Challenge 2 - Bundling Static Assets

The Thorium Nova server needs to both serve the API endpoints which provide the data about the simulation as well as the frontend JavaScript and CSS code sent to browsers. Bun claims to be able to embed static assets into self-contained executables, but I wasn't able to get it to work. I could bundle individual files, like the Default Plugins archive which is extracted when you first run Thorium Nova. But a whole bunch of files didn't seem possible.

So I decided to turn the whole bunch of files into a single file in the most unhinged way possible - I took all of the assets used in the frontend code and smooshed them together into a single binary file.

It starts with a single byte which says how long the file's name is - so we're limited to 255 character long file names, which seems like it'll be enough. The file's name is next. Then 4 bytes for the length of the file, which maxes out files at 4GB - more than enough for our purposes. And then the bytes of the file. Repeat that for every file that needs to be served by the HTTP server.

What's great about this approach is that it doesn't have to read the entire file - it reads the file name and if it doesn't match, it skips ahead past that file to read the next file name until it matches. Once it does, it just streams down the bytes for that file without touching any of the rest of the file. Great for conserving memory.

When I tested it, the files returned almost instantly. You can feel it when you load the app or change screens - the JavaScript, images, and styles download very quickly, making for a snappy experience.

Challenge 3 - Signing the Bun server

For apps to run on macOS, they need to be signed and notarized by Apple. It's possible to get around this, but I don't expect casual users to know how to do this. Fortunately, Tauri provides tools for signing apps with very little effort or ceremony. In fact, I intend to sign Windows apps in the future, but Windows isn't quite as restrictive about what apps you run as macOS is.

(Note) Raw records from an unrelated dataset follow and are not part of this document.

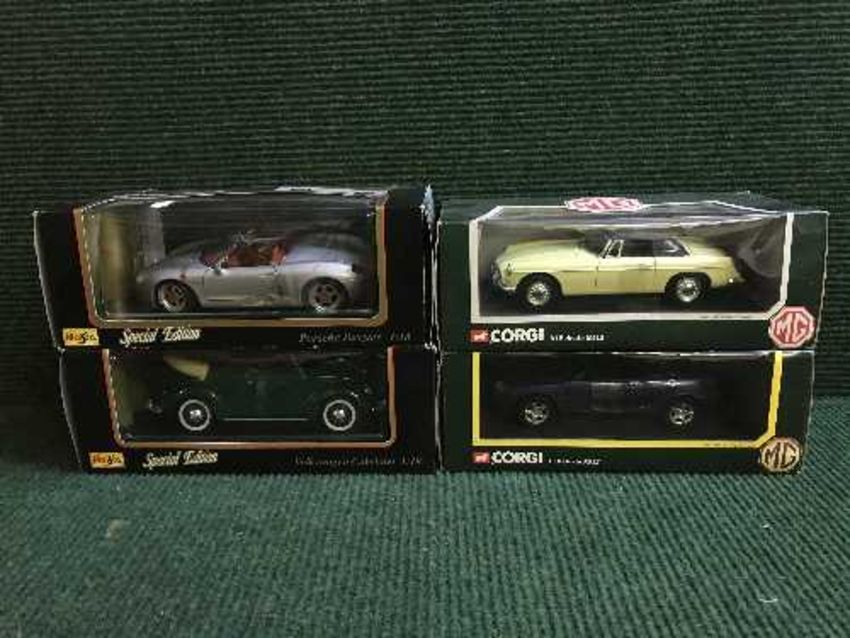 Two boxed Corgi large scale die cast vehicles - 1968 MGB Roadstars and two Maisto Special Editions - Porche Boxster and VW Cabriole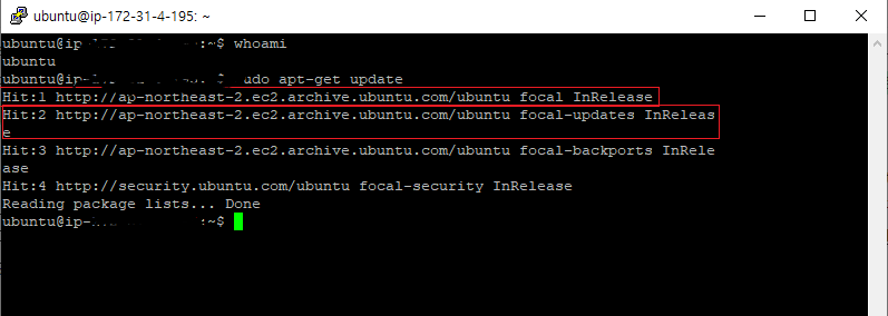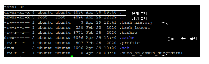 그래서 login을 해서 들어가면 자신의 id가 있다. 원래는 [ip주소]만을 가지고 접속을 한다. 하지만 실습은 ssh라는 특별한 기능을 사용해서 (ubuntu@[ip주소]) ubuntu라는 id로 접속을 하는 것이다. ssh 접속은 key 파일을 가지고 접속을 하는 것 이므로, 별도의 password가 필요하지는 않다.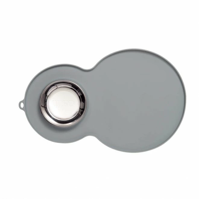 Myk, beskyttende silikonmatte og en skål i rustfritt stål. Holder vannfontener og andre skåler på plass, og beskytter gulvet mot vann- og matsøl. Matten er enkel å rengjøre og størrelse cirka 45 x 29 cm.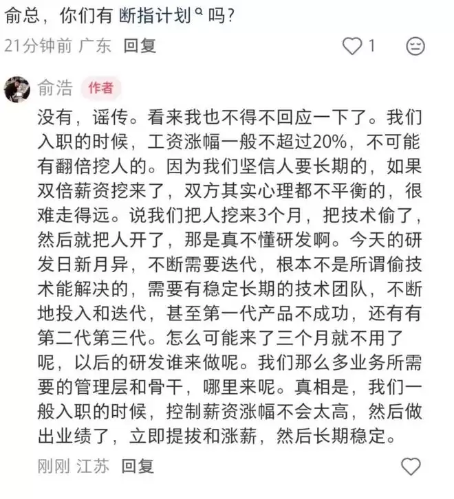俞浩同时强调,追觅需要的是稳定长期的技术团队,员工入职时的工资涨幅一般不超过20%,做出业绩后会立即提拔涨薪。

There's just one problem - it's not just the Tauri app that needs to be signed, it's also the Bun server. It's a known issue related to the way Bun formats its executables, and unfortunately it's not something that I believe I could fix on my own. I need to wait for Bun to fix this on their end before I can provide an alpha release that works on macOS.

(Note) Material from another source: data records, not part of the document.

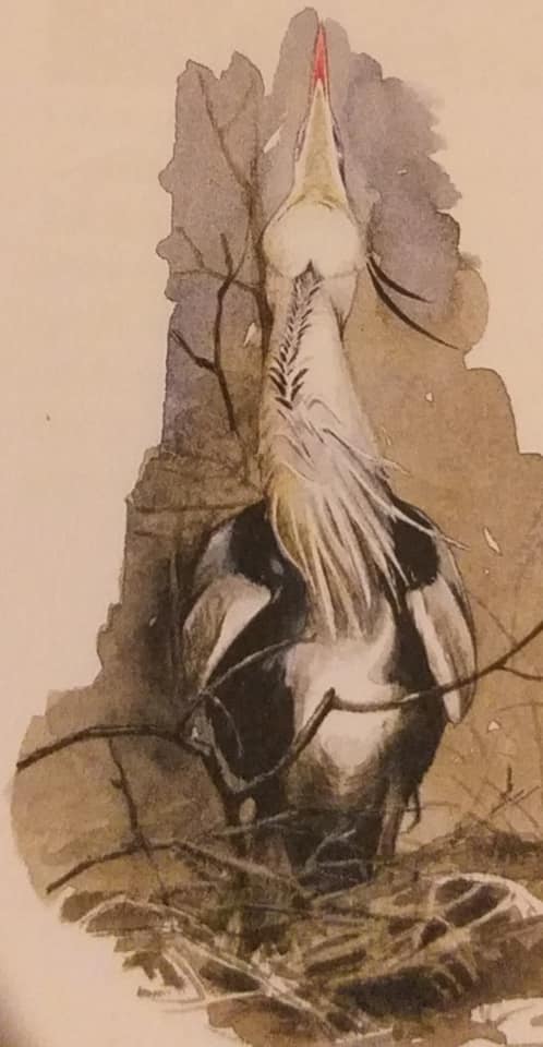 « Avant d’atterrir au nid il émet un appel rauque pour se faire connaître de son partenaire. Ce dernier répond en donnant de la voix et en allongeant le cou et le bec vers le ciel, stretch display (photo d’en tête) »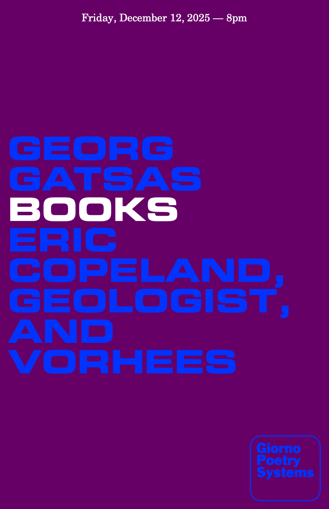 To address these questions, and to celebrate the release of The Process, Georg has asked three of his favorite performers, Eric Copeland, Geologist, and Vorhees—people whose work he first encountered in the years of the book—to play solo sets.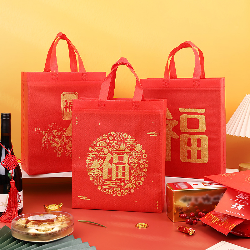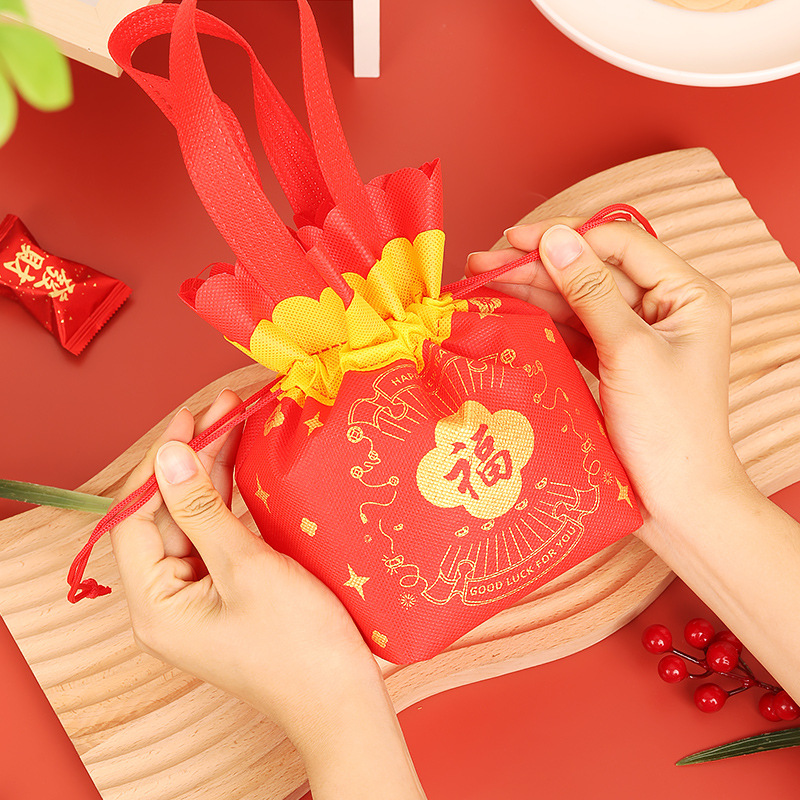 2024年新年春節巾着袋福袋お祝いギフト包装ハンドバッグ不織布箔押し・熱転写彩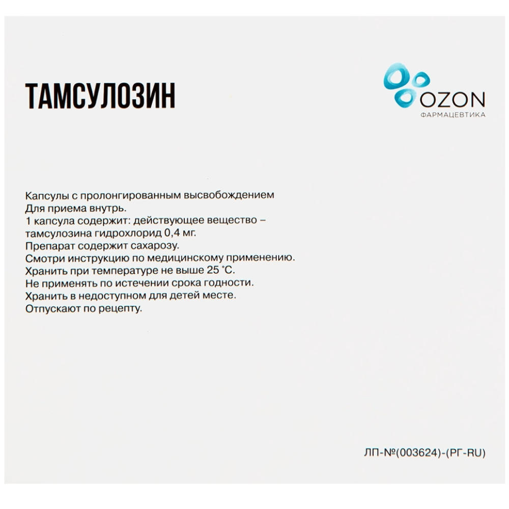 Действующее вещество: тамсулозина гидрохлорид - 0,4 мг.
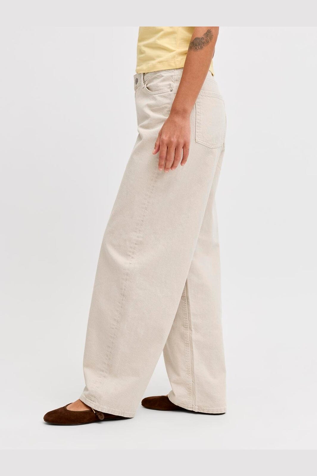 Helle Jeans von JJXX mit Barrel-Fit-Passform und einem hellbeigen Farbton. Die Jeans haben eine legere Passform mit weitem Bein und bestehen aus strapazierfähigem Denim-Twill.
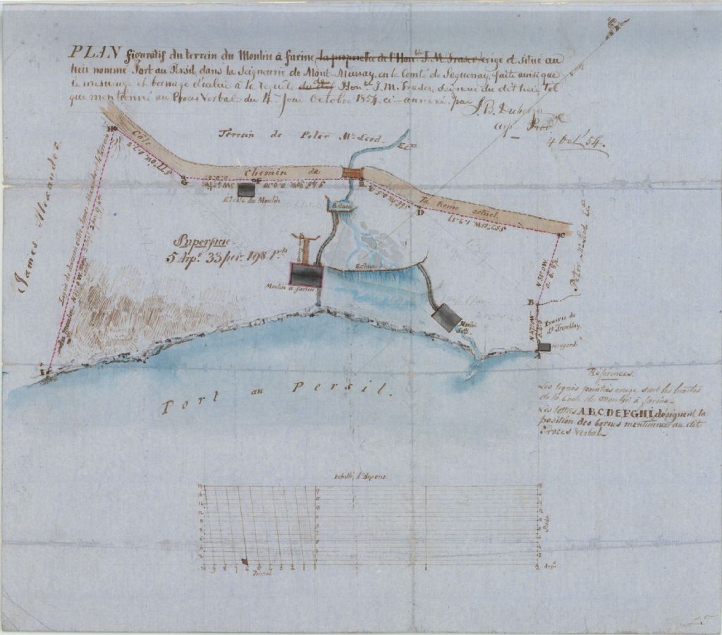 Plan figuratif du terrain du moulin à farine érigé et situé au lieu nommé Port au Persil dans la seigneurie Mont Murray, comté de Saguenay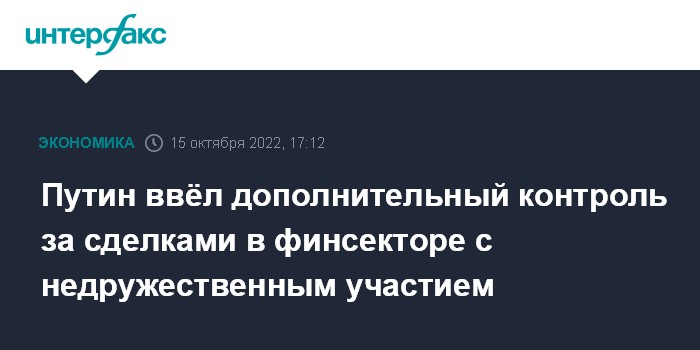 Согласно указу, который опубликован в субботу на официальном портале правовых актов, сделки и операции, влекущие за собой прямо и косвенно установление, изменение или прекращение прав на более чем 1% акций/долей в уставном капитале банка, страховой организации, негосударственного пенсионного фонда, микрофинансовой компании либо управляющей компании акционерного инвестиционного фонда, паевого инвестиционного фонда или негосударственного пенсионного фонда, осуществляются на основании разрешения правительственной комиссии по контролю за осуществлением иностранных инвестиций в РФ. Такое разрешение необходимо, если хотя бы одной из сторон сделок являются иностранные лица, связанные с недружественными государствами.

I've also been struggling with getting Windows to build - apparently it doesn't like it when the version includes text in it, like the 1.0.0-alpha.16 versions we've been using with Thorium Nova.

And I'm having a hard time getting the headless server executables to upload.

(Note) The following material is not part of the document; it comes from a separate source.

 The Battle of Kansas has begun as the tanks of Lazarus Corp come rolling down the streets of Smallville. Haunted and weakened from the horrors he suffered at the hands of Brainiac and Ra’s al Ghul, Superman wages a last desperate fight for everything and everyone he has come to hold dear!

In other words, it's a whole mess and I haven't gotten it sorted out. Like I said at the beginning, I'm not going to let all of this stop progress on the game. Because of that, I'm putting this work to the side, unfinished, while I continue working on other parts of the game. At a later date, probably when Bun has proper support for signing executables, I'll come back to this and make it all work nicely.


Hopefully this isn't too disappointing for anybody. The instructions for starting Thorium Nova in development mode have been updated, the only major change being using Bun instead of Node.js and npm. So it is still possible for the inquisitive to play around with the controls between alphas.

I'm looking forward to sharing more progress as it is made. Until then, take care.